What I’ve been working on:
Well, I’ve had quite a few fairly successful classes with some students at Zingalume basic on trying to get them to think in innovative ways. It is interesting to see what things they can do and what things are really difficult. Probably the best class that they really thrived on was when I had them make the paper airplane that could go the farthest. They made one that went quite a bit farther then the quick one I did and even gave good reasons why they tried that design.
I think this time (and what feels like the umpteenth time) I have attempted to organize the Chadiza organizations together for the purpose of internet it will actually work. I’m meeting with the high schools this afternoon and have had several meetings with members of three organizations all of which were very interested (the high schools had already set up a committee to address the issue before I had even returned from Lusaka). Now we just need to have one or two meetings with all the organizations together and get the company we are going through to come and do a technical assessment of the terrain. Then it’s just a mater of getting the equipment.
I’ve also been slowly trying to make some lye that will actually be a basic enough pH to make soap out of fat. I have also been making a fuel efficient stove that burns not only small sticks, maize cobs and other small woody things but also the smoke (like what a roaring fire that has flames shooting out of the chimney does).
Yesterday, after the rain had almost let up I spent an how beginning o prepare my dimba for planting. My garden will (come mbuzi or high water) be bwino kwambili this year!

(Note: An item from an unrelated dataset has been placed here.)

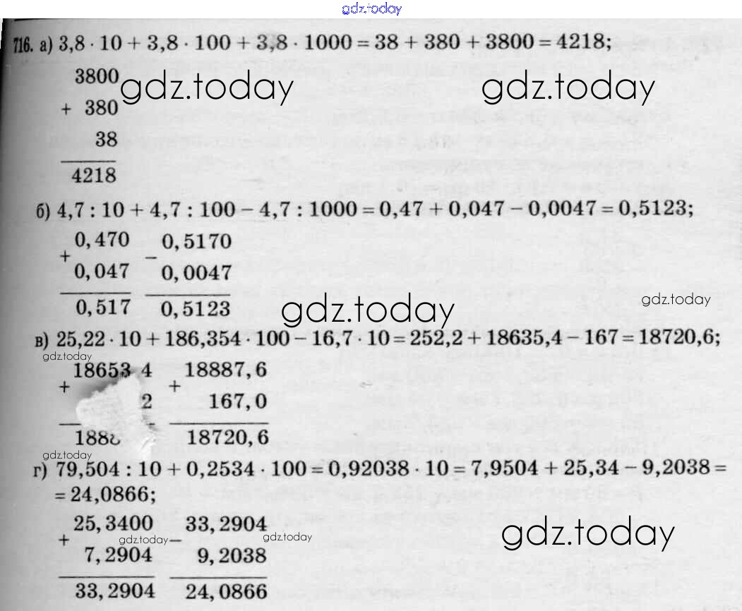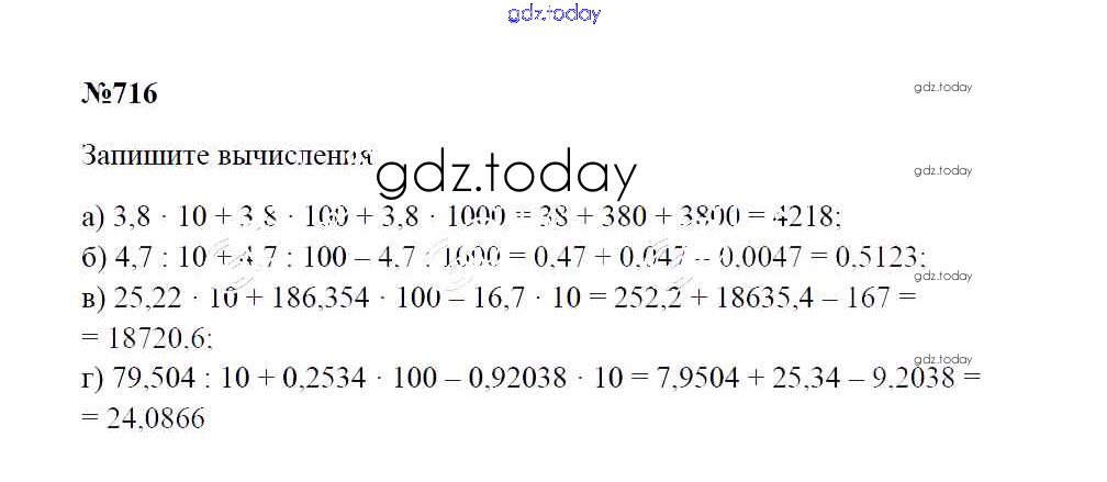 Ответы к Решение к упражнениям 716 Учебнику по Математике для 5 класса Зубарева, Мордкович Мнемозина 2015

I forgot to mention this in my last post, maybe I was too annoyed or something but I now have a baby named after me. Born a couple weeks ago, Aaron from Dovu is really cute and really likes to sleep (much more then even I, I don’t think he even woke up when I held him for some photo’s).
This week I met again with Zingalume Basic and set up the date for the first class (Monday). I also worked on my water wheel and need to get some mealy meal sacks for the actual “paddle” parts.
Today I got some more honey, a covered plastic basket to keep food in so it doesn’t get eaten by koswe (mice) but still gets aeration and some mealy meal sacks for the aforementioned use. I did not however communicate with the outside world because the MTN network was down… I hope the outside world is OK!